**** Excerpted records ****

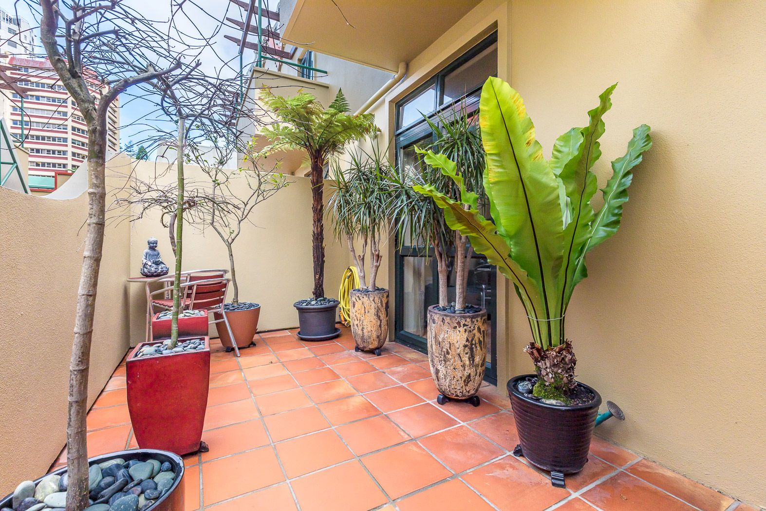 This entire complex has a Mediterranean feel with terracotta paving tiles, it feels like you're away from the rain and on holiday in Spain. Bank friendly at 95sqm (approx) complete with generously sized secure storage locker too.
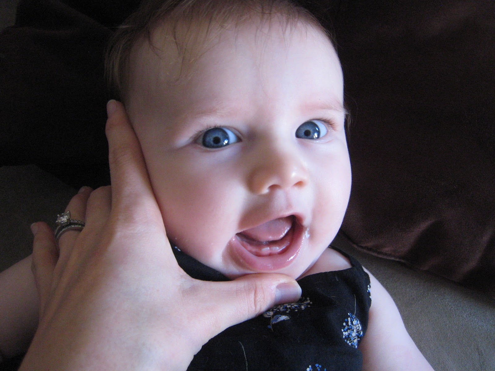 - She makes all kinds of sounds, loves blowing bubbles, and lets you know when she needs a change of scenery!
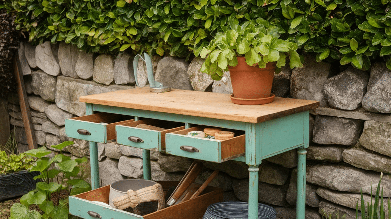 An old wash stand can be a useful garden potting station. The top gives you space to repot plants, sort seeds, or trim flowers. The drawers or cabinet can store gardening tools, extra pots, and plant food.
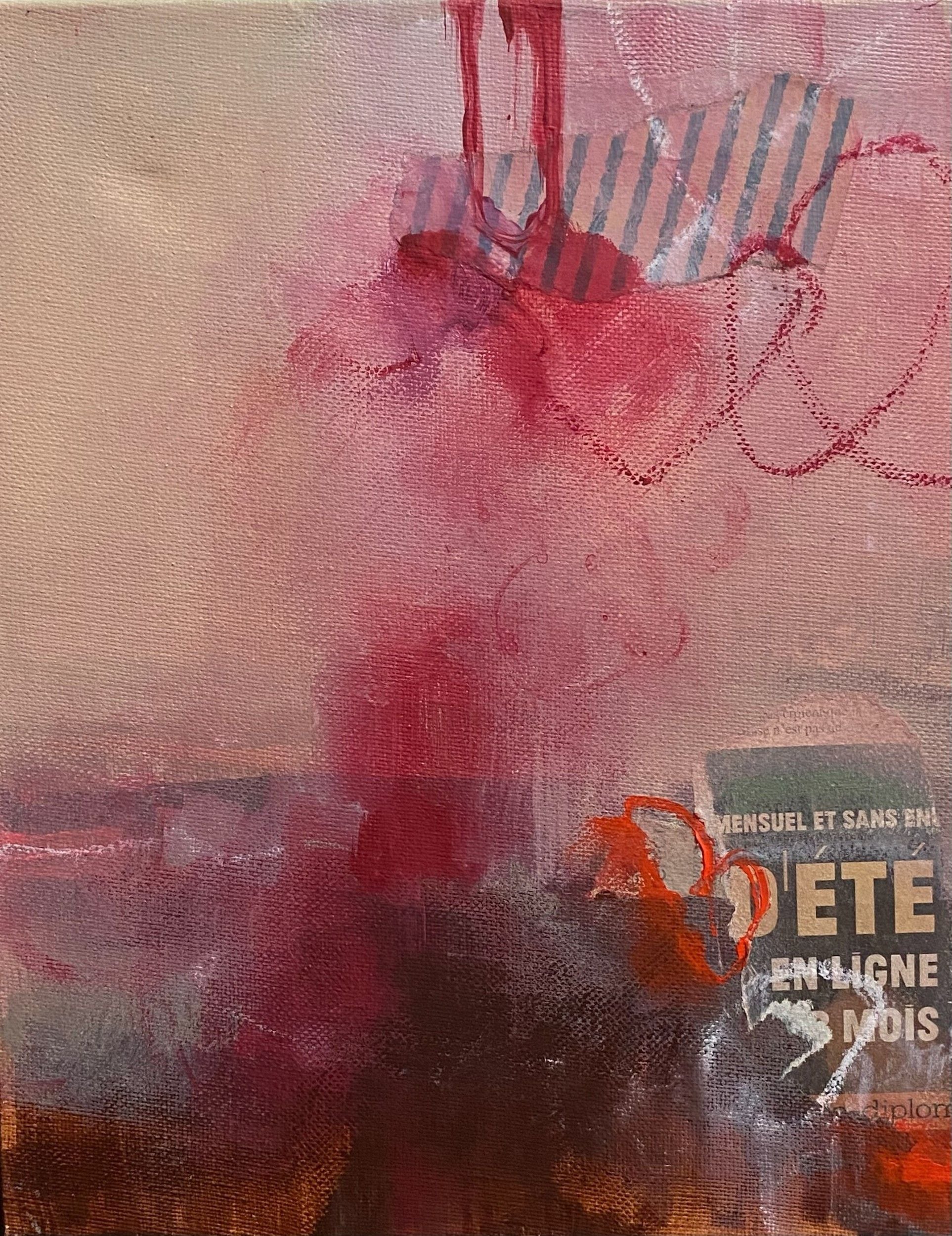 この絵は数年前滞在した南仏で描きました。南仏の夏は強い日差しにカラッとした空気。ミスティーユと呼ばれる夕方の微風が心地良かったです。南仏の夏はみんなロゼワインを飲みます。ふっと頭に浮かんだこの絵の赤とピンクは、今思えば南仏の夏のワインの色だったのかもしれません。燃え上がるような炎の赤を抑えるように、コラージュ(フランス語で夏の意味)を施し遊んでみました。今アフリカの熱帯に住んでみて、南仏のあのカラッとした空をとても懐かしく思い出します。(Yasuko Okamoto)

****
**** Excerpted records ****

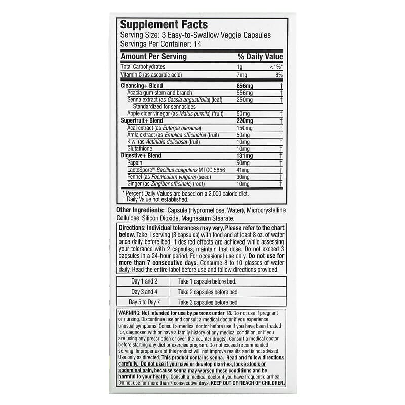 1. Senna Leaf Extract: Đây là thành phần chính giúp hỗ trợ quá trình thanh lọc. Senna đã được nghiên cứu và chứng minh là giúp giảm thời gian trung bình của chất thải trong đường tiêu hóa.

****

*Exercise requirements*. Retype, exactly and with no pictures, everything above from the line with "This entire complex" down to the line with "この絵は数年前滞在した南仏で", both included.

*Task response*.
 This entire complex has a Mediterranean feel with terracotta paving tiles, it feels like you're away from the rain and on holiday in Spain. Bank friendly at 95sqm (approx) complete with generously sized secure storage locker too.
 - She makes all kinds of sounds, loves blowing bubbles, and lets you know when she needs a change of scenery!
 An old wash stand can be a useful garden potting station. The top gives you space to repot plants, sort seeds, or trim flowers. The drawers or cabinet can store gardening tools, extra pots, and plant food.
 この絵は数年前滞在した南仏で描きました。南仏の夏は強い日差しにカラッとした空気。ミスティーユと呼ばれる夕方の微風が心地良かったです。南仏の夏はみんなロゼワインを飲みます。ふっと頭に浮かんだこの絵の赤とピンクは、今思えば南仏の夏のワインの色だったのかもしれません。燃え上がるような炎の赤を抑えるように、コラージュ(フランス語で夏の意味)を施し遊んでみました。今アフリカの熱帯に住んでみて、南仏のあのカラッとした空をとても懐かしく思い出します。(Yasuko Okamoto)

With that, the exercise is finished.